Monday, October 15, 2012

is it over yet?

    Sometimes I think life is going to be pretty good, and then something happens that just fucks the shit out of your head. I don't even want to start with everything that has happened, but basically the person I thought I trusted most in my life, well, enough to marry (which I think means I trust him a lot) just did a bunch of really, really, stupid things that has me questioning who the hell he is and the validity of our marriage.
    I wouldn't go out and marry someone just for fun. I really thought he and I got on together really well. I thought we were a good pair and would be happy together. Now I don't know if I kick him to the curb or forgive him for everything and cross my fingers that he doesn't mess up again.
    What do you do? There is no instruction manual for this kind of thing. I can't even ask another married couple what they would do because I don't think anybody has been through this kind of major hiccup. This is more like a major vomit, followed by violent dry heaves.
    I really just want to give up. I thought I found someone who really cared about me. Now I just think there is nobody out there who really cares about me. So why am I sitting around here wasting time, space, energy, and oxygen? If I'm not around there is more room for people in the world. Who really gives a rat's ass about Andrea/Andi Crosby/Rasmussen anyway? You can't marry your parents!! Who wants to, anyway?

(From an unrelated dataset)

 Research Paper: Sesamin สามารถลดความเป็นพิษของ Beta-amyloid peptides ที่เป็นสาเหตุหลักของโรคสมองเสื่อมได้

    The thing is, I was so happy being single, too. I found some kind of inner peace and independence as well as some confidence and self-esteem, and I was happy. I dated Him because we liked each other, and I thought he was worth spending time with. Now? I have no idea.
    Do you forgive someone for fucking up this badly, even if they say they're sorry and swear they won't do it again? What could I possibly do that would even come somewhat close to what he's done and wonder if he could forgive me for it? I couldn't imagine anything as bad as what he's done. I wouldn't wish what he's done to me on my enemies, if I had any.

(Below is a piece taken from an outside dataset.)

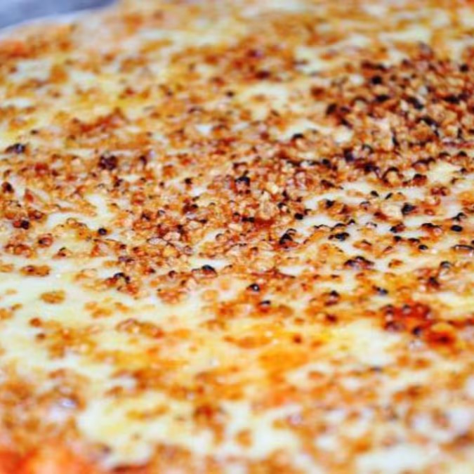 Molho de tomate, mussarela, e alho frito.

    I wish there was an online chat with a therapist or something. I don't have insurance and don't know if insurance would cover therapy, anyway. I need help. I need to rewind my life and start over. Maybe I should move back in with my parents and get about two dozen cats, and just live in solitary for the rest of my life. Or just end it now. People just don't do this kind of thing to good people. How do these meanies find me?